*** Material to process Section Begins ***

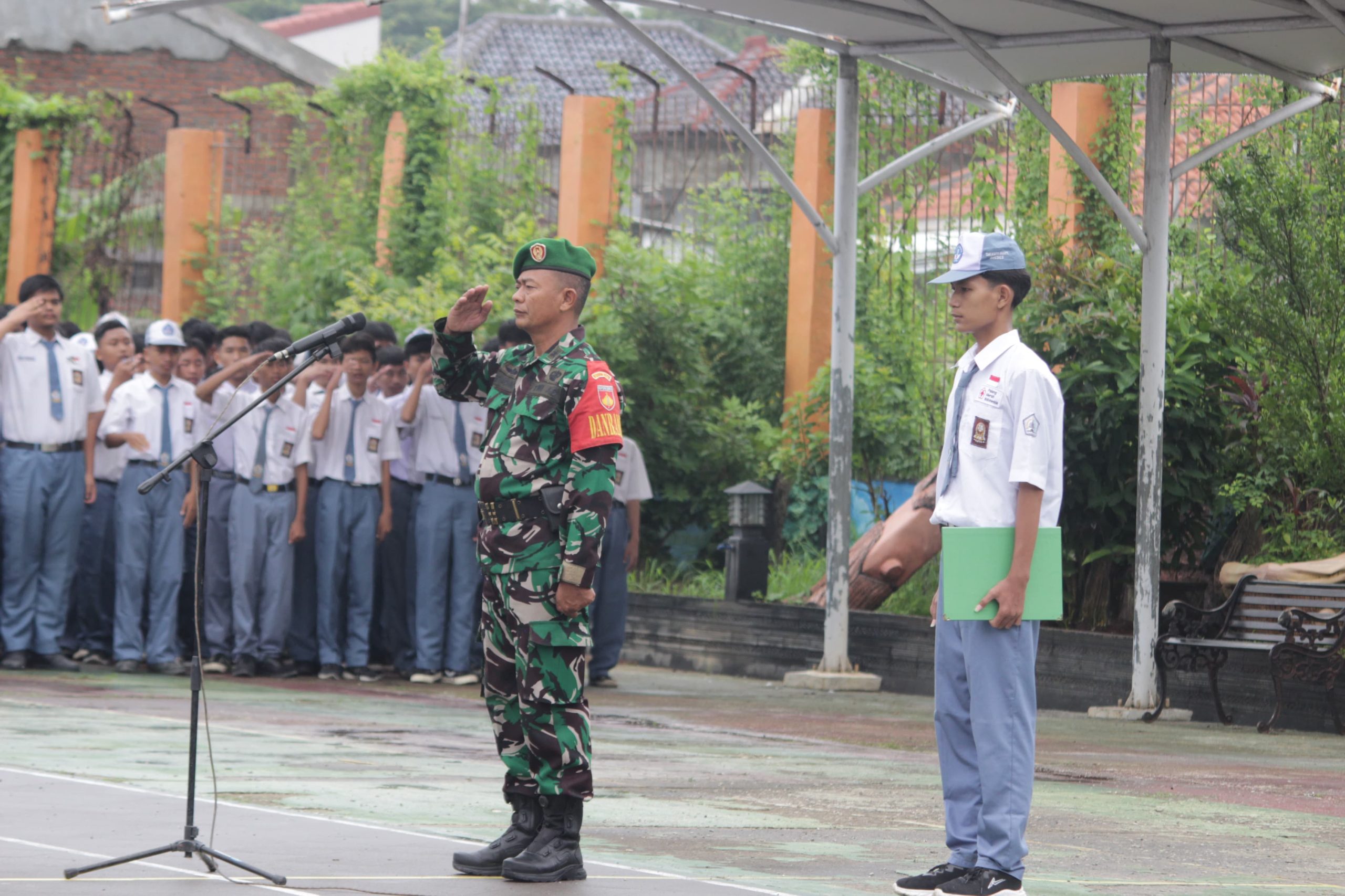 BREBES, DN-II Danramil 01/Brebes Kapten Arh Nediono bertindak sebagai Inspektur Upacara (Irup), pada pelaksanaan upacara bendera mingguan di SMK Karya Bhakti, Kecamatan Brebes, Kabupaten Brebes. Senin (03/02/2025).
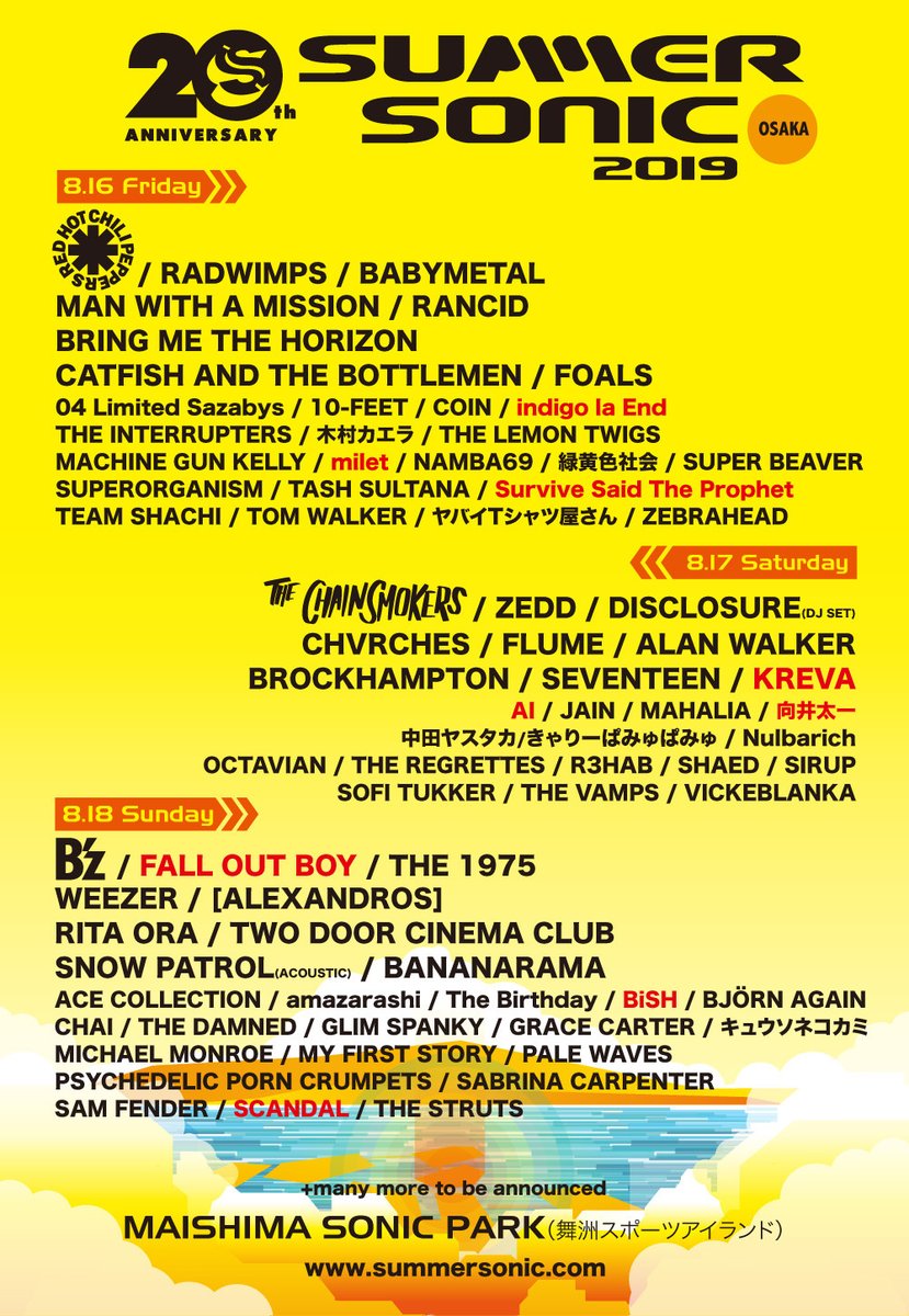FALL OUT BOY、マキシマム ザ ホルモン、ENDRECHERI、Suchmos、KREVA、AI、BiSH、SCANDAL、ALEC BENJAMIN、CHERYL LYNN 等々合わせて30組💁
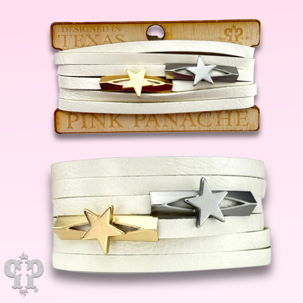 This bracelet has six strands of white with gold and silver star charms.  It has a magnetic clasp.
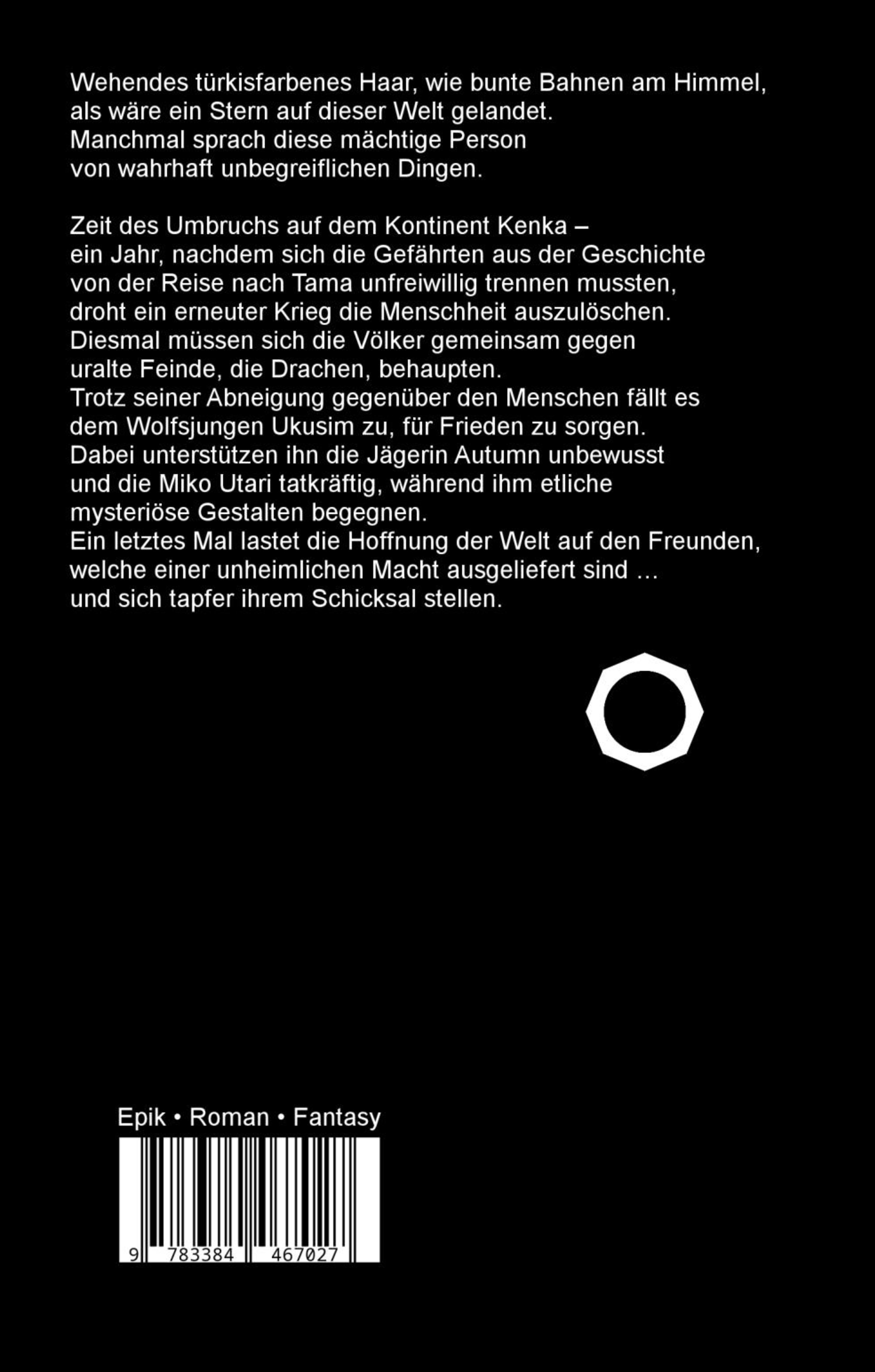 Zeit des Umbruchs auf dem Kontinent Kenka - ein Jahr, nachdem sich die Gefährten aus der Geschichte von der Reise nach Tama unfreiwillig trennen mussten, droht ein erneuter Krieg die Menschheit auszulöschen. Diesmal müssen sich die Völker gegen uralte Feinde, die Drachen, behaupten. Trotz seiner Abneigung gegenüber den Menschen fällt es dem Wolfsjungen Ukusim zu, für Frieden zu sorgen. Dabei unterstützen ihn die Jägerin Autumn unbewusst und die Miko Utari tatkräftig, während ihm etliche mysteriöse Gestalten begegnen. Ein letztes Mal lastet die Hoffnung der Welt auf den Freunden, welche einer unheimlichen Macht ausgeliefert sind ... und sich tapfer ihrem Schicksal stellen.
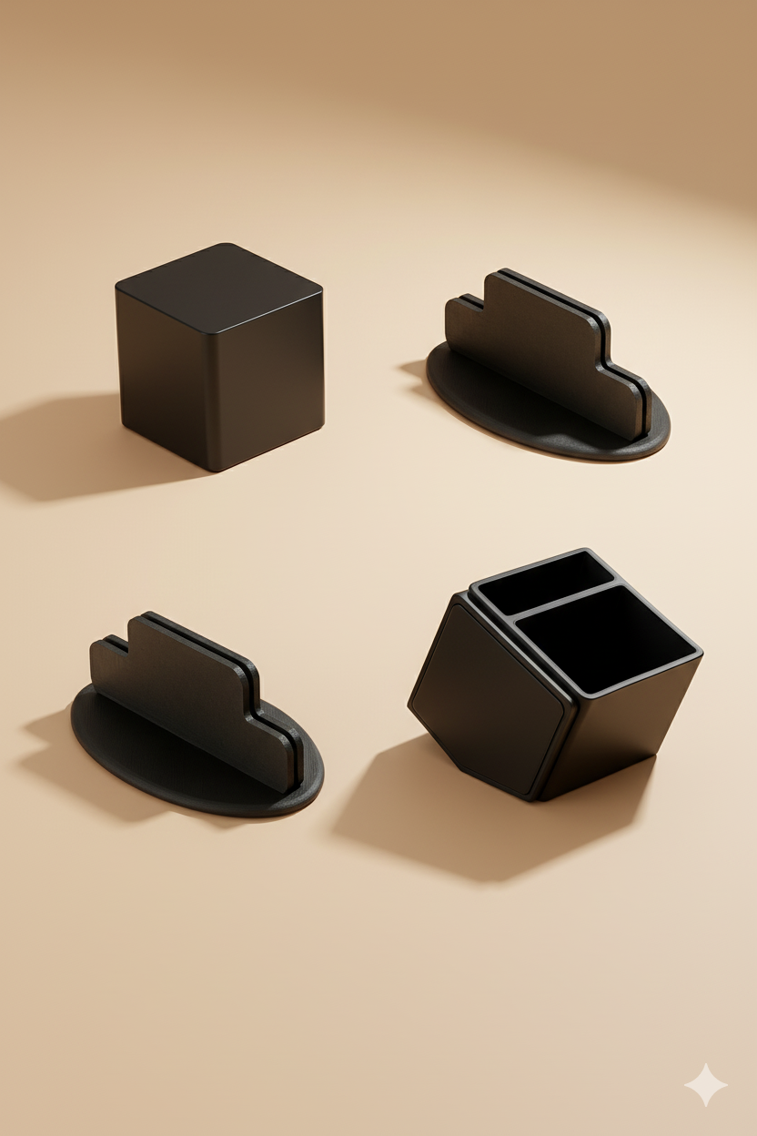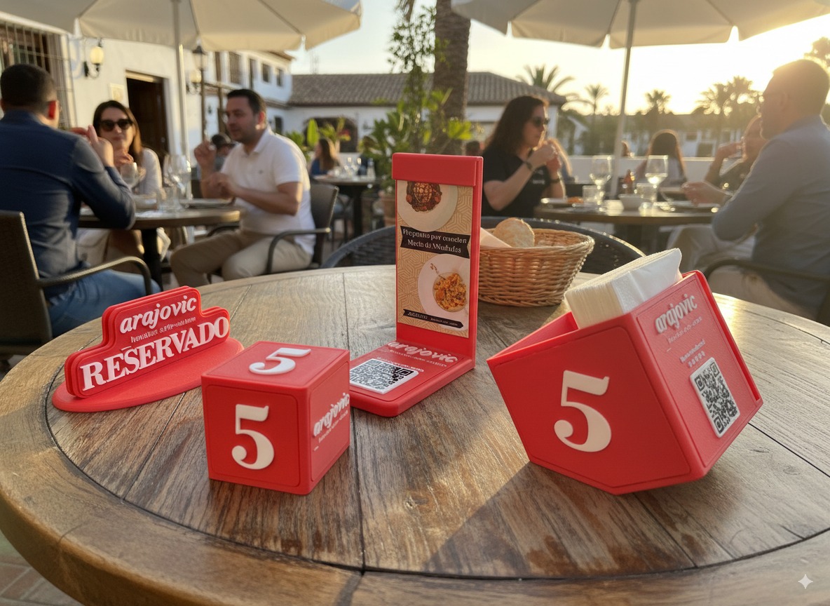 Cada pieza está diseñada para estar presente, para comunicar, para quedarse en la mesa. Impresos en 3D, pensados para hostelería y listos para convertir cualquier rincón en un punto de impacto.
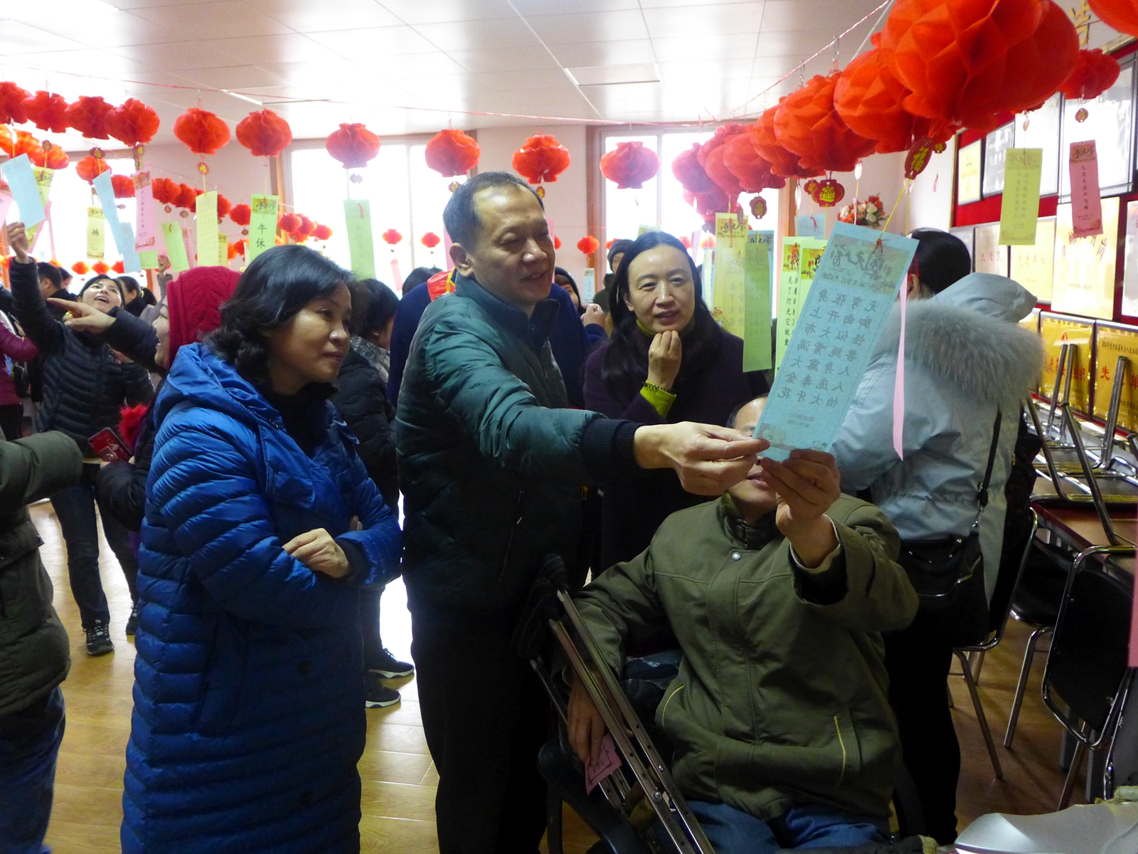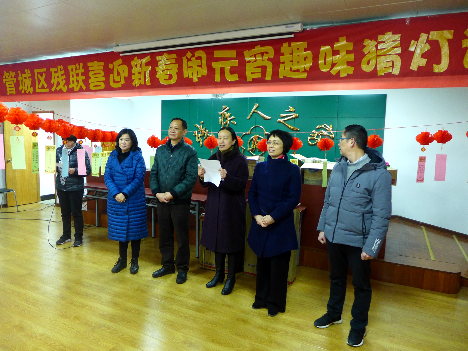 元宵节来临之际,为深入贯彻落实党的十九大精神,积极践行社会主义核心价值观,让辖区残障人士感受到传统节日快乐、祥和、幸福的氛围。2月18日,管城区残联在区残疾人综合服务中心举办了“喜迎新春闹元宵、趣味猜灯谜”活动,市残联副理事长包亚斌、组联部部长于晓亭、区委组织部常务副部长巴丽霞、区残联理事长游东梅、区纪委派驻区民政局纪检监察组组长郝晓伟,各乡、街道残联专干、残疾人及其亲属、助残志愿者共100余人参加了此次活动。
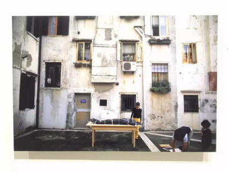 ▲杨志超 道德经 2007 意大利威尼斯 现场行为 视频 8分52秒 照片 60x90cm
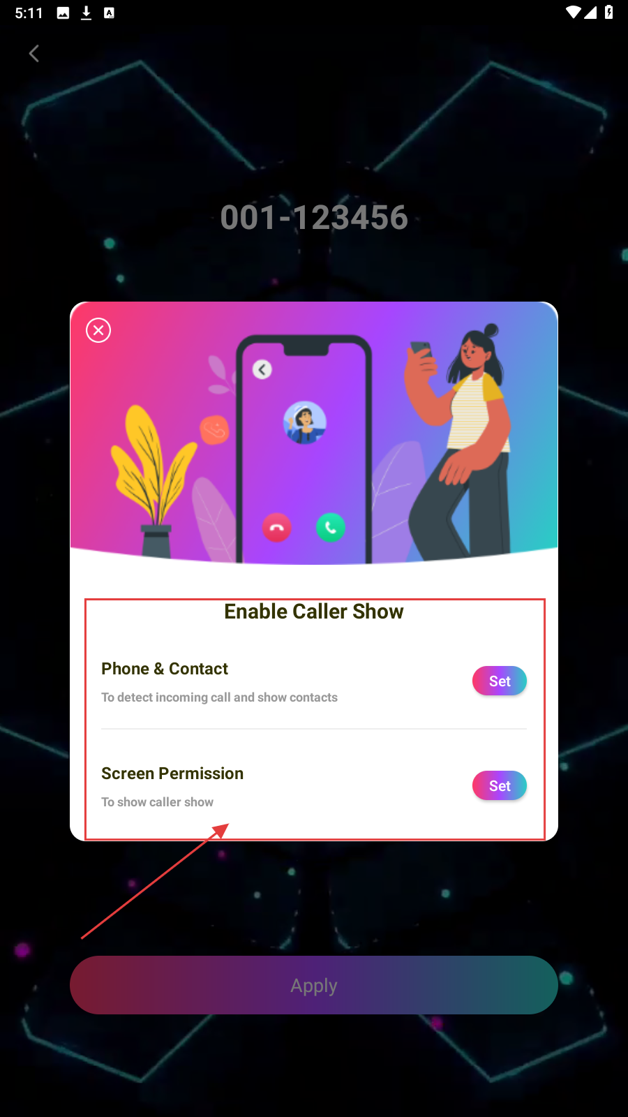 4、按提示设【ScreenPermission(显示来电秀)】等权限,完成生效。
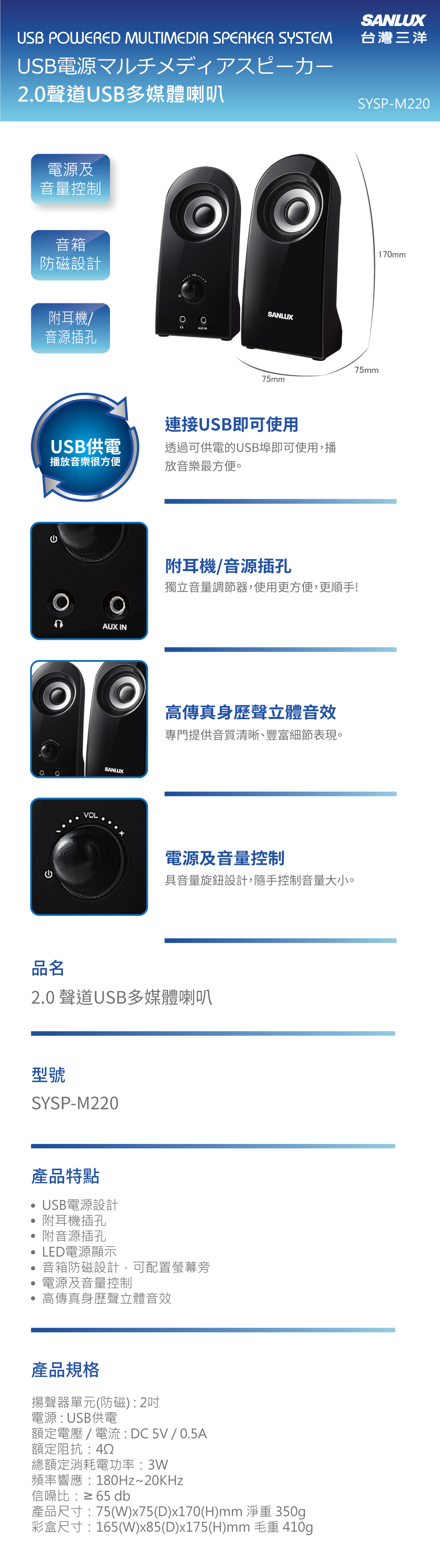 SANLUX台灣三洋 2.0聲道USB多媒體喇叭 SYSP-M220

*** Material to process Section Ends ***

▶ [Requirement] Only the lines from the one that contains "8分52秒 照片 60x90cm" through the last line of the records may appear in the answer, retyped exactly and with no pictures.

▶ [Answer to the problem]
 ▲杨志超 道德经 2007 意大利威尼斯 现场行为 视频 8分52秒 照片 60x90cm
 4、按提示设【ScreenPermission(显示来电秀)】等权限,完成生效。
 SANLUX台灣三洋 2.0聲道USB多媒體喇叭 SYSP-M220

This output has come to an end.